Бронфельд посмотрел на него внимательно и сказал:
– Нужно будет тебя кое с кем познакомить…
Карлсон требовал подробных отчётов об этих посиделках и отказывался называть причину и конечную цель «разработки» объекта.
Малыш жаловался:
– Зачем это всё? Два месяца уже по кабакам шляемся, пьём, за литературу трём… Сколько можно?
– А как ты хотел? Чтобы всё и сразу? – возмутился шеф. – Бывает, агент одну тему годами разрабатывает. И в итоге приходит к отрицательному результату. А отрицательный результат, он что? Правильно! Тоже результат. Изучай его, выслушивай, льсти. Выжидай.
– Да понятно это всё… Но мне ж книжки его читать приходится. А потом эти его программные заявления бесконечные выслушивать. За что мне это? И непонятно главное, что нужно узнать в итоге?
– Спокойствие, только спокойствие! Вот он уже с кем-то тебя познакомить собирается… Нутром чую: скоро дело с мёртвой точки сдвинется.
Глава 2.
Даже в будний день в ресторане почти все столики были заняты. Несмотря на ежевечерние обстрелы, рестораны и кафе продолжали работать, правда, не до определённого часа или последнего посетителя как обычно, а до первой сирены воздушной тревоги.
Позади Даниэля говорили на иврите. Разговор был понятен лишь частично; для того чтобы досконально уловить смысл, знакомых слов не хватало. Малыш прилежно, хоть и через силу учил язык; Карлсон говорил, что агенту нужно уметь вызывать доверие, а при помощи переводчика в наушнике сделать это невозможно – с явным чужаком откровенничать никто не будет. Но одного прилежания было недостаточно, нужна была практика, а в магазине, торгующем русской литературой, её было мало…
Чтобы попрактиковать восприятие иврита на слух, Малыш поставил переводчик в режим «Буквальный перевод» и повернул голову к говорящим.
– Смотри, Моше́. Вот эти, которые матрасы делают, они зачем такие сыны шлюх? – вопрошал старческий звонкий дискант.
– Как сыны шлюх? Почему? – вопросом на вопрос отвечал также немолодой, низкий голос.

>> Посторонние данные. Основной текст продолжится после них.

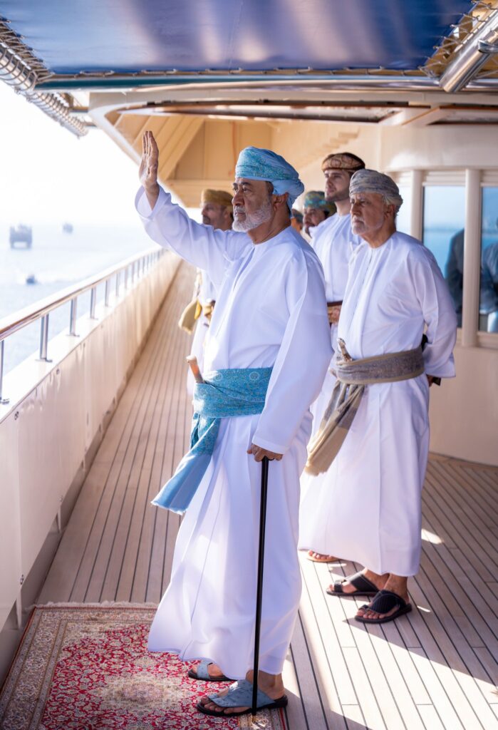 وقد أبحر اليختُ السُّلطانيُّ (فلكُ السّلامة) المُقلُّ لجلالةِ القائد الأعلى من ميناء السُّلطان قابوس بولاية مطرح تحفّهُ عنايةُ المولى عزّ وجلّ، وترافقه ثُلّةٌ من السُّفن الشّراعيّة التقليديّة، في مشهدٍ يُجسّد أصالةَ التّراث البحري العُماني واعتزازَ أبناء الوطن بتاريخهم العريق، الذي يعكسُ تاريخ عُمان البحري الموشّح بقيم الأصالةِ والعراقةِ، وما وصلت إليه البحريّةُ السُّلطانيّةُ العُمانية من تطوير وحداثةٍ.
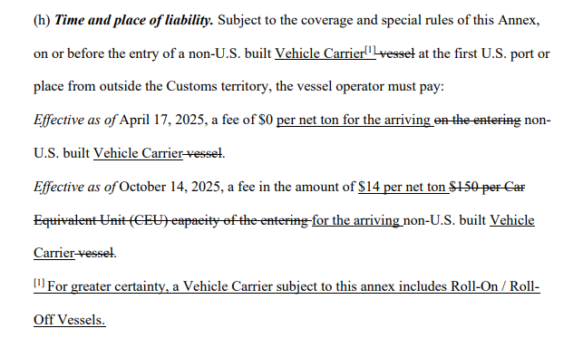 另一方面,原定于自10月14日起生效的船舶停靠费也得到调整。该办公室原计划对每艘非美国制造的船舶,包括运输车辆的滚装船(RoRo),收费150美元/吨,现在,收费大幅降低至14美元/吨。
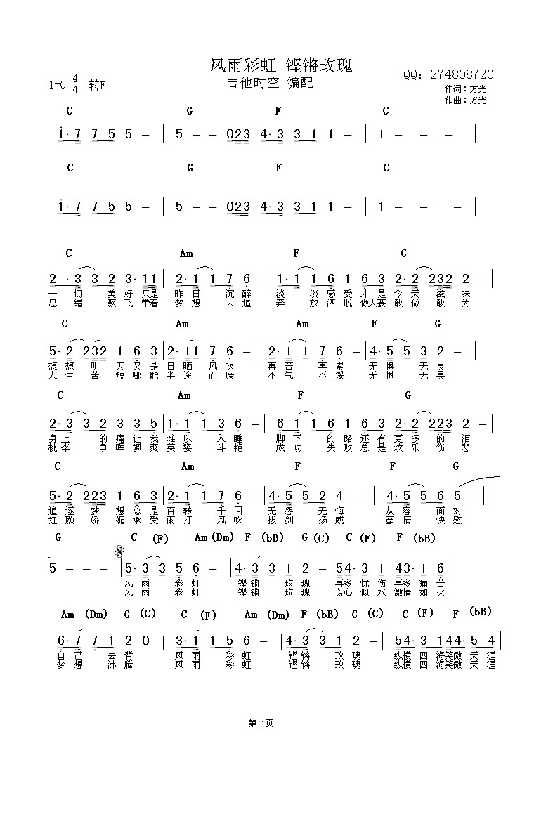 风雨彩虹 铿锵玫瑰 吉他谱 曲谱

– А зачем в матрасе пружины все с острыми концами? Ты не думал?
– Нет? Зачем?
– Глупец, подумай! Вот мы с женой уже лет десять как спим аккуратно. Матраса бы до конца дней хватило. Жаль времени… Но всё равно во сне ворочаемся, а пружины ткань протирают… Пять лет матрасу, а выкидывать опять надо, новый покупать. А хороший матрас сейчас три тысячи шекелей стоит, минимум. Сто процентов.
– Ой-ва-вой! Три тысячи шекелей?! Правда?
– А ты как думал, сладкий? Правда! Три, а то и три с половиной тысячи шекелей. Жаль времени… Что им трудно концы у этих пружин загнуть? Специально так делают, чтоб матрасов своих проклятых больше продавать. Сто процентов!
– Ой не говори, Илай, сыны шлюх и есть. Правда. А с другой стороны посмотри, сладкий. А как им деньги делать? Ну? Времена сейчас тяжёлые, так? Правда. Что за налоги, ну? —поставил Моше проблему с ног на голову.
– Мудрый ты человек, Моше! – вскричал Илай. – Кайф с тобой поговорить, сладкий. Правда. Жалко времени…
Малыш знал, что «Хава́ль аль а’зма́н» дословно означает «Жалко времени», но в речи, в зависимости от интонации, эта фраза хотя и могла быть простым сожалением о потерянном времени, но чаще означала всё что угодно: от «Это возмутительно» до «Как замечательно». А «бен зона» – то есть «сын шлюхи» для израильтянина как «сука» для русского – часто ничего не значащее междометие. Однажды он слышал, как женщина кричала собственному отпрыску: «Шмуэль, абайта, бен зона!», то есть «Шмуэль, иди домой, сын шлюхи!» Присутствие женщин или детей абсолютно не смущает этих людей, если им хочется выругаться. Они как американцы, которые абсолютно не стесняются «фа́ков» и «би́чей» в любом окружении, будь то королева английская с внуком.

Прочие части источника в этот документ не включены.